This chart shows the sites along the genome (listed at the left) at which natural selection has occurred in the genome of eight regional groups (shown at top). These are 1) Biaka pygmies, 2) Bantu-speaking Africans, 3) Western Europeans, 4) Middle Easterners, 5) South Asians (people of Pakistan and India), 6) East Asians, 7) Oceanians and 8) Native Americans. The colored bars show the degree of selection at each site, with yellow denoting a signal of clear but moderate statistical significance and red denoting high statistical significance.
The three West Eurasian groups show very similar patterns of selection, which probably occurred before they separated into three geographically distinct populations but after their ancestors split from those of East Asians.
Because the human genome is still so little understood, in most cases the genes at the sites of selection (shown along the right) are of unknown function. One exception is that of genes affecting skin color that have been under strong selective pressure in non-African populations. These include the gene SLC24A5 (shown in red, at center of chart), one version of which has been favored in European, Middle Eastern and South Asian populations. SLC24A5 is not under selection in East Asians, who presumably acquired their pale skin through a different set of genes, an example of what is known as convergent evolution.
Another set of genes found to be under selection in non-African populations are three NRG or neuregulin genes (the third, NRG3, is shown in red) and a receptor gene they all interact with (ERBB4, also in red). The NRG genes make signaling proteins that are active in the developing embryo in shaping tissues like the brain, heart and breast. A variant of NRG1 has been implicated in schizophrenia. The researchers do not know which of the several roles of the neuregulin genes has caused it to come under selection.

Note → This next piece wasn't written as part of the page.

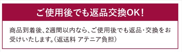 商品到着後、2週間以内ならご使用後でも返品・交換を受けつけています。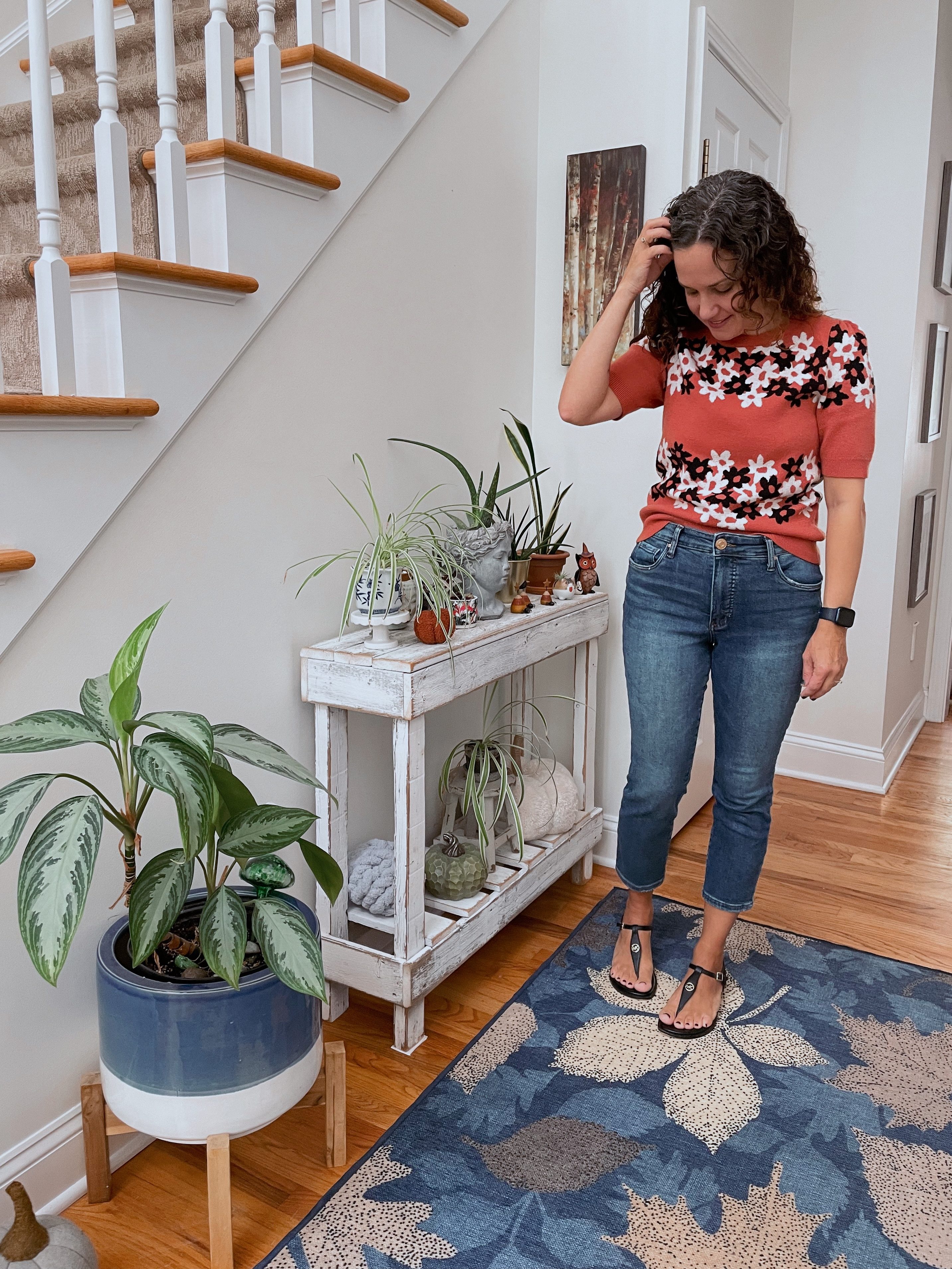 I think a lot of fall denim styles this year (2023 for future reference!) revolve around wider or straight leg, but cropped jeans can still be a staple for your fall wardrobe. My love of shorter boots and booties work well with this style jean, allowing for more versatility for autumn styles with that type of boot. Here are three ways I’m wearing cropped jeans for fall.

The principal human races presumably emerged as the populations of each continent responded to different evolutionary pressures. "Our work supports the notion that regional populations have adapted in a variety of ways, some shared, some not, to the selective pressures they encountered as they dispersed from the ancestral African homeland some 80,000 years ago," said Jonathan Pritchard, a population geneticist at the University of Chicago.
The authors of the new study are Dr. Pritchard and his colleagues Joseph Pickrell and Graham Coop. It was published online last month in Genome Research. It is the first to look for signals of selection in DNA samples gathered by the Human Genome Diversity Project.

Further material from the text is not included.